Source data:

--- START ---

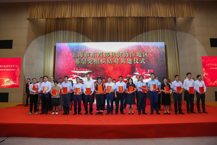 抓党建促东西部扶贫协作和对口支援工作。图为2018年6月,在上海举行东西部扶贫协作地区基层党组织结对共建仪式,云南、贵州遵义市部分贫困村党组织与上海相关街镇等党组织签约携手奔小康。
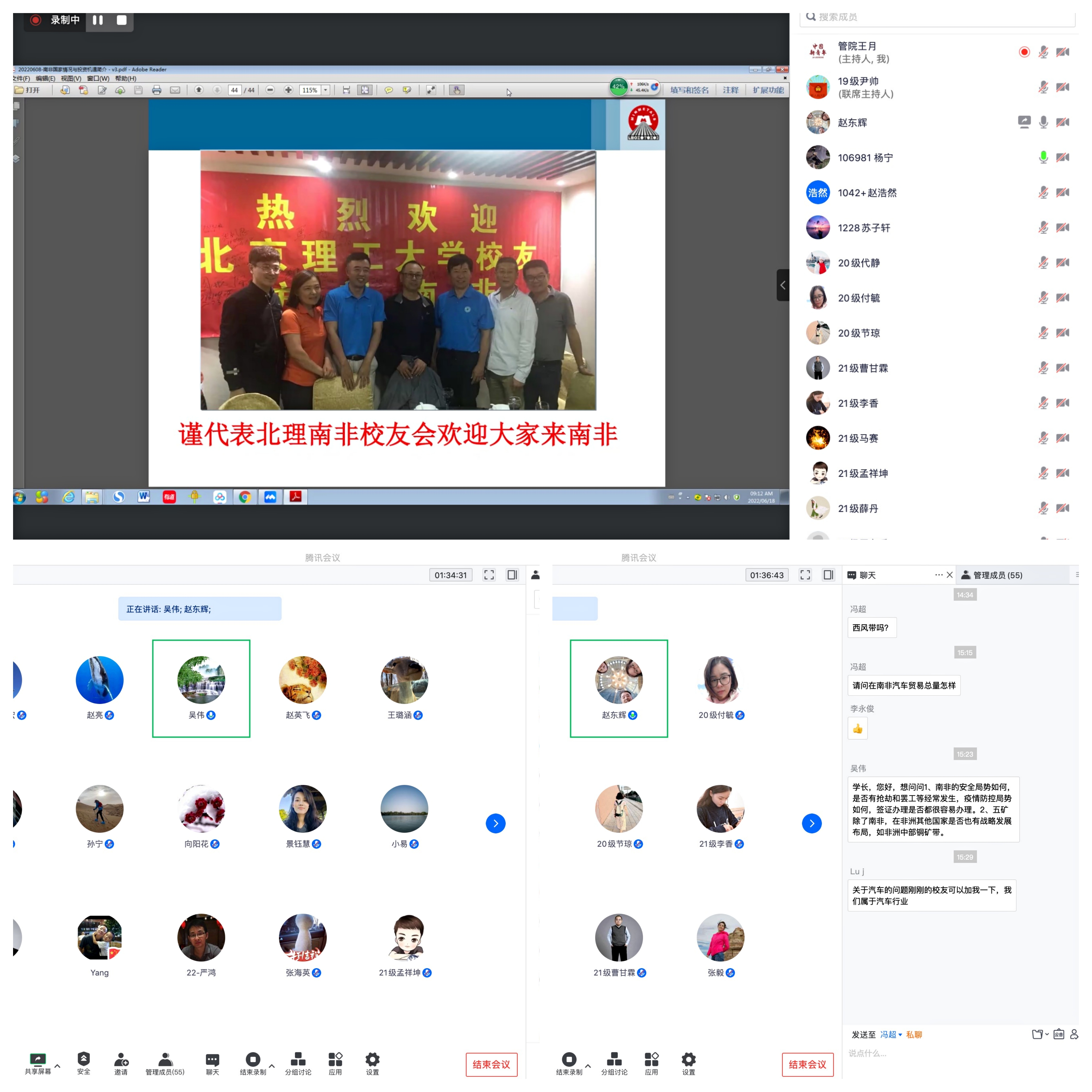 交流环节,赵东辉与校友们就“中国五矿在南非的生产与经营管理”、“国产汽车在南非的发展情况”、“中资企业在南非的投资安全”等方面进行了深入的交流。大家纷纷表示收获颇多,受益匪浅。
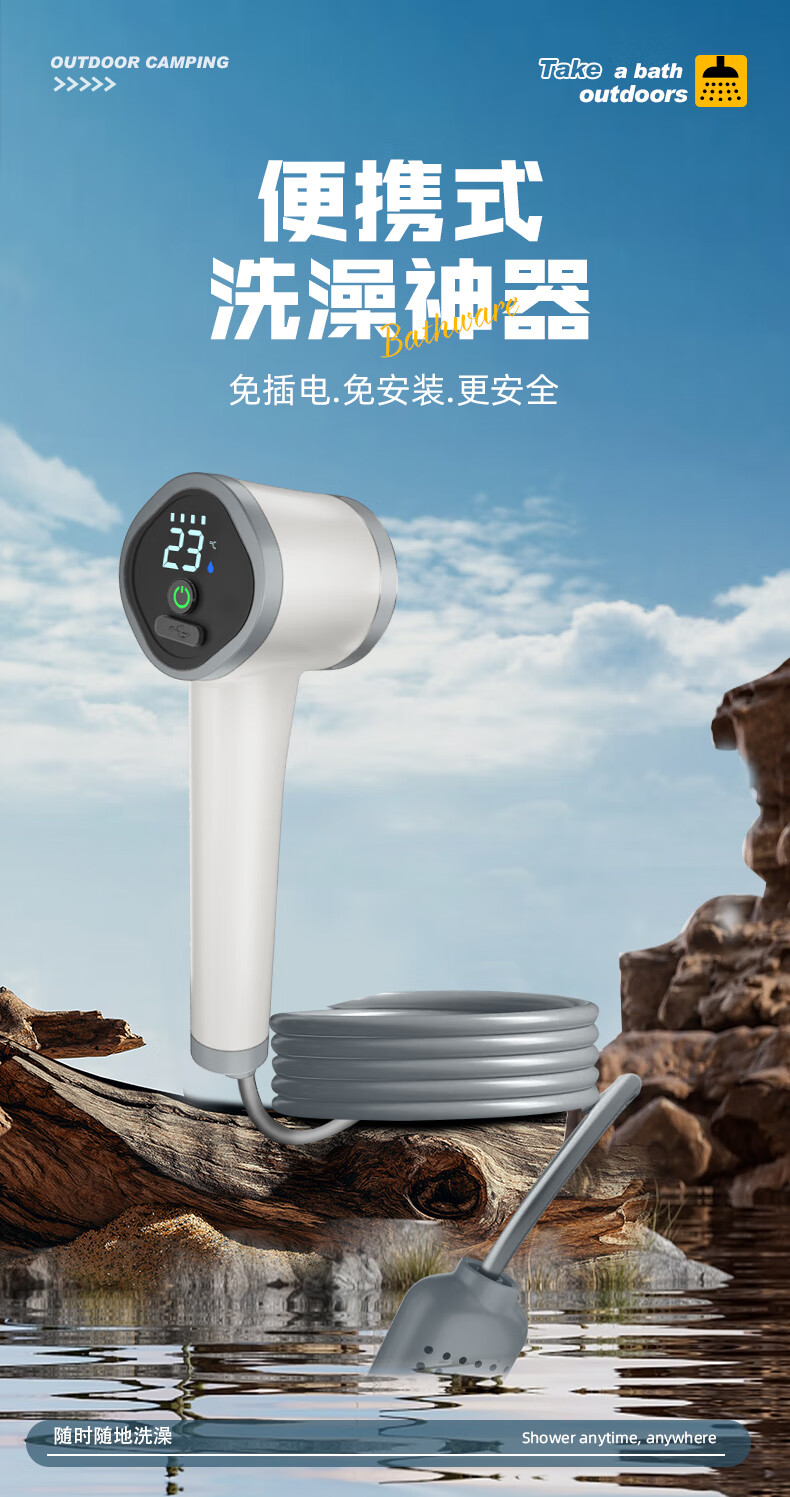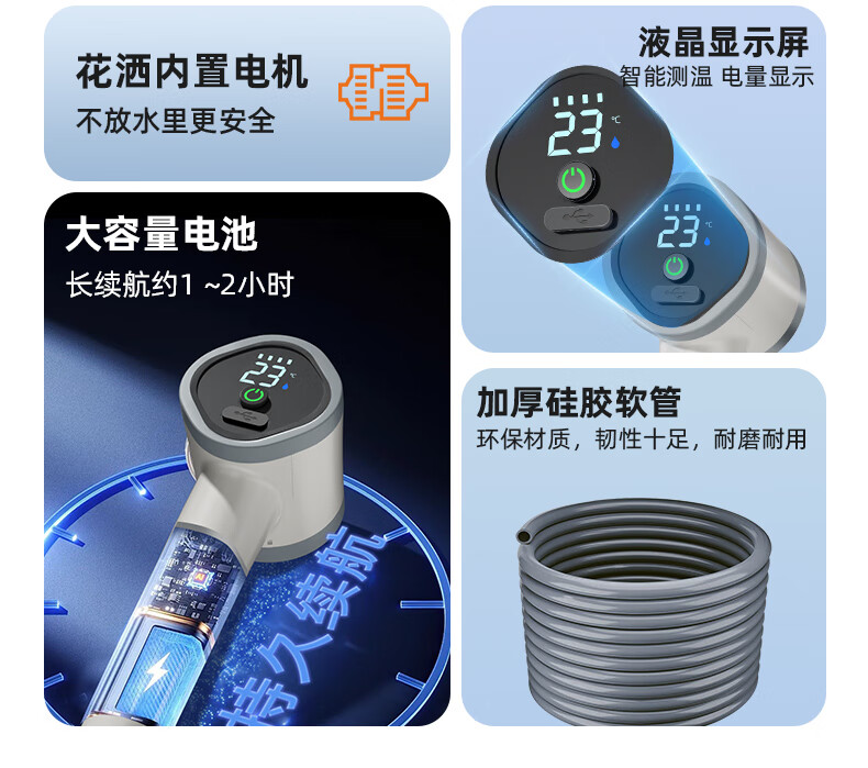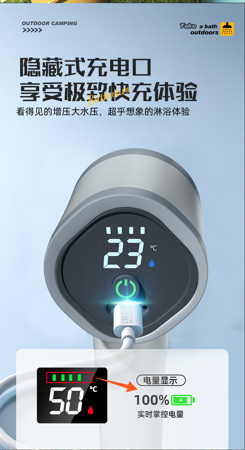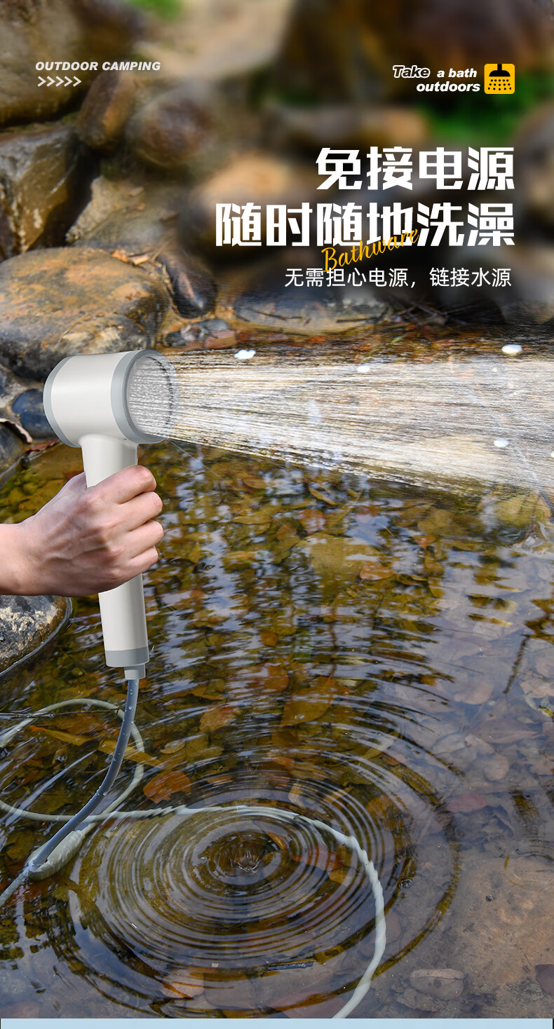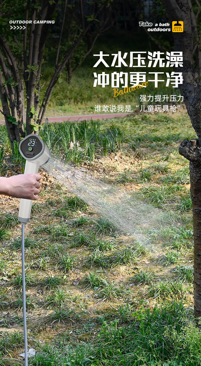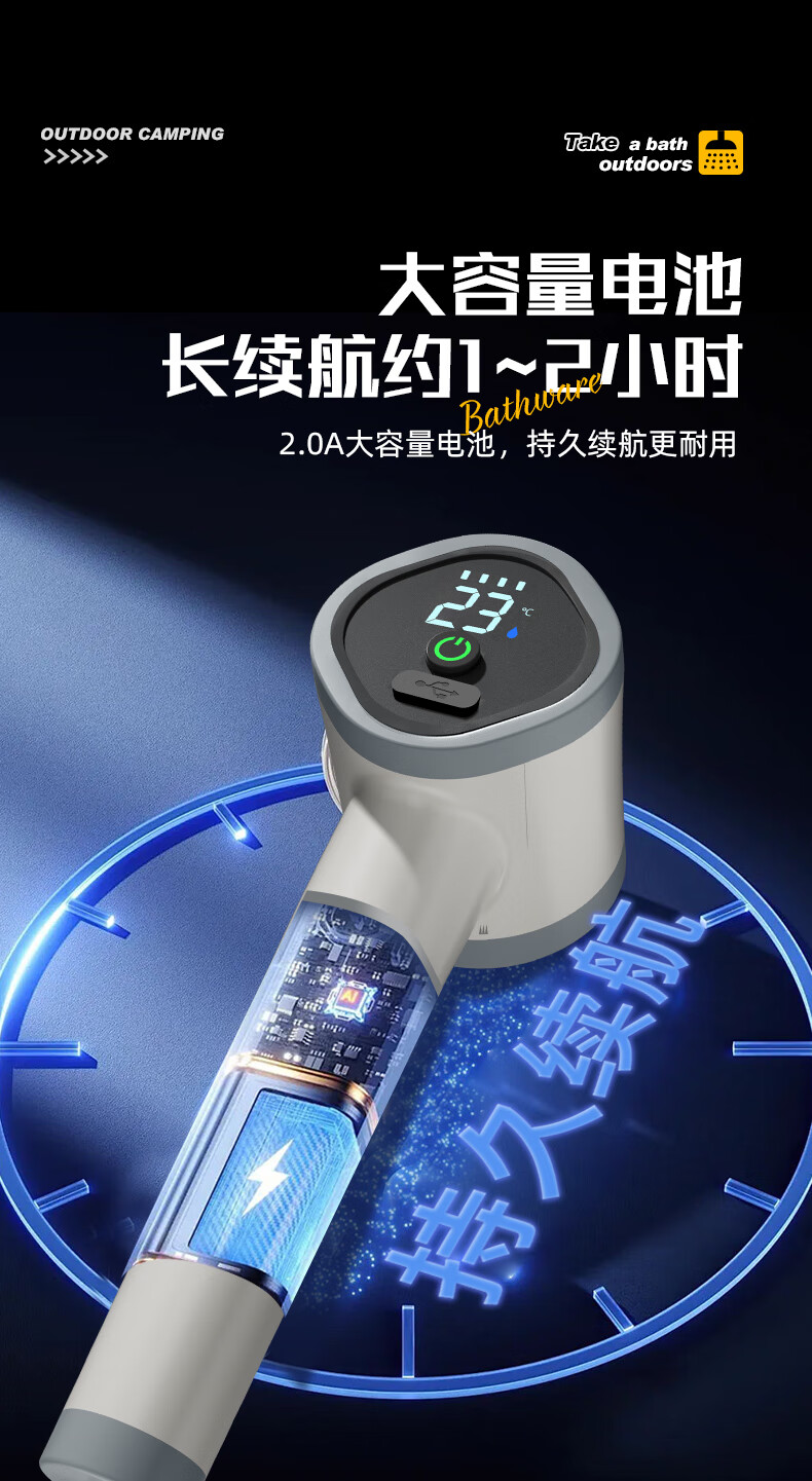 便携式智能充电一体花洒户外移动洗澡神器简易学生宿舍增压淋浴器 免安装户外花洒/测温/超长续航 2000毫安/水电分离-3.7V安全电压
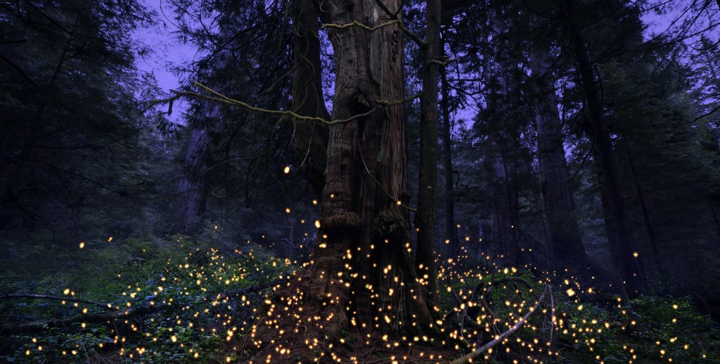 Embers and the Giants presents an endangered, old-growth forest during twilight, articulated by thousands of embers of light. Are we witness to a rare, exceptionally beautiful display of fireflies? Or is human intervention at play, suggesting a time when we’ll need to amplify nature in order to convince the public of its worth?

--- END ---

Exercise brief: Set down the data above word for word, leaving every picture out.

Task result:
 抓党建促东西部扶贫协作和对口支援工作。图为2018年6月,在上海举行东西部扶贫协作地区基层党组织结对共建仪式,云南、贵州遵义市部分贫困村党组织与上海相关街镇等党组织签约携手奔小康。
 交流环节,赵东辉与校友们就“中国五矿在南非的生产与经营管理”、“国产汽车在南非的发展情况”、“中资企业在南非的投资安全”等方面进行了深入的交流。大家纷纷表示收获颇多,受益匪浅。
 便携式智能充电一体花洒户外移动洗澡神器简易学生宿舍增压淋浴器 免安装户外花洒/测温/超长续航 2000毫安/水电分离-3.7V安全电压
 Embers and the Giants presents an endangered, old-growth forest during twilight, articulated by thousands of embers of light. Are we witness to a rare, exceptionally beautiful display of fireflies? Or is human intervention at play, suggesting a time when we’ll need to amplify nature in order to convince the public of its worth?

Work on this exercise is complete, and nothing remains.